• [Supplied information]
----

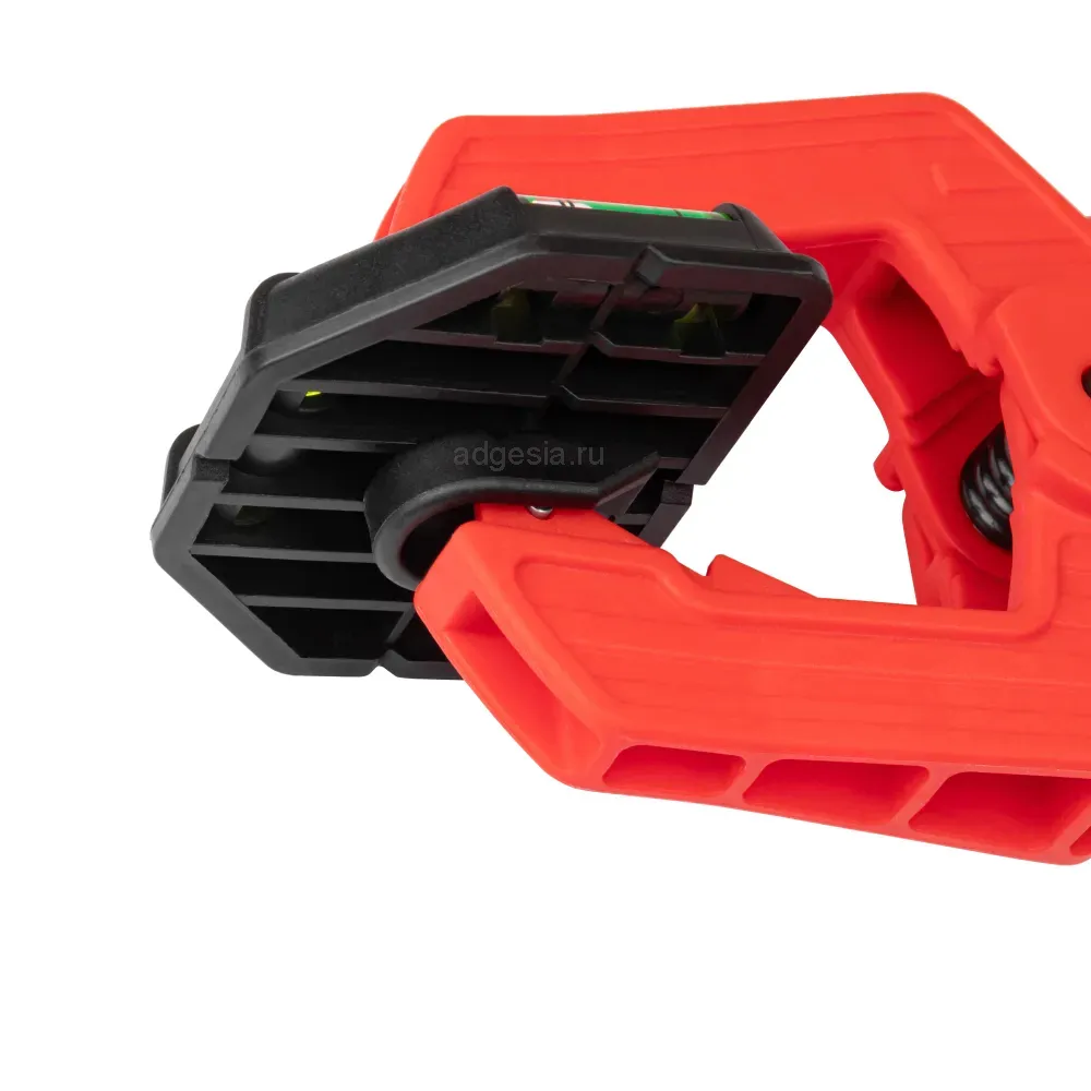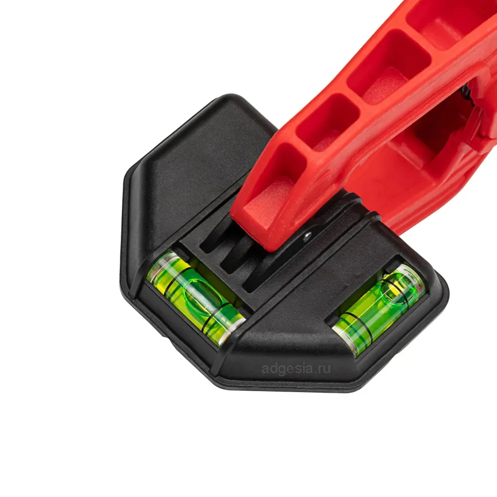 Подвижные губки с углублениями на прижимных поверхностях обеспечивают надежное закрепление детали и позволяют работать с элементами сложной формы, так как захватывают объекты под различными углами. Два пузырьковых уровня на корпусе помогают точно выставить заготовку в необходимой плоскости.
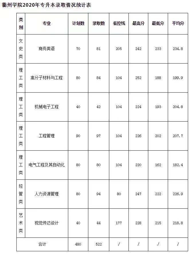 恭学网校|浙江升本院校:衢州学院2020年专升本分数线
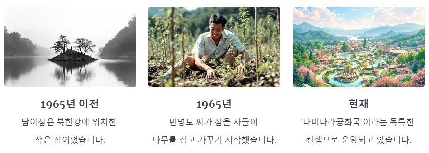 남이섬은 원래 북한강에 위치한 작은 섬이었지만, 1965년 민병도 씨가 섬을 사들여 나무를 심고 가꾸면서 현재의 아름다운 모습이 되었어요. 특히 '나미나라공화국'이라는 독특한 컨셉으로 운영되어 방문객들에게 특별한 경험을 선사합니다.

----

• [What this task involves] All of the material above should be reproduced exactly, except the pictures.

• [Solution for this exercise]
 Подвижные губки с углублениями на прижимных поверхностях обеспечивают надежное закрепление детали и позволяют работать с элементами сложной формы, так как захватывают объекты под различными углами. Два пузырьковых уровня на корпусе помогают точно выставить заготовку в необходимой плоскости.
 恭学网校|浙江升本院校:衢州学院2020年专升本分数线
 남이섬은 원래 북한강에 위치한 작은 섬이었지만, 1965년 민병도 씨가 섬을 사들여 나무를 심고 가꾸면서 현재의 아름다운 모습이 되었어요. 특히 '나미나라공화국'이라는 독특한 컨셉으로 운영되어 방문객들에게 특별한 경험을 선사합니다.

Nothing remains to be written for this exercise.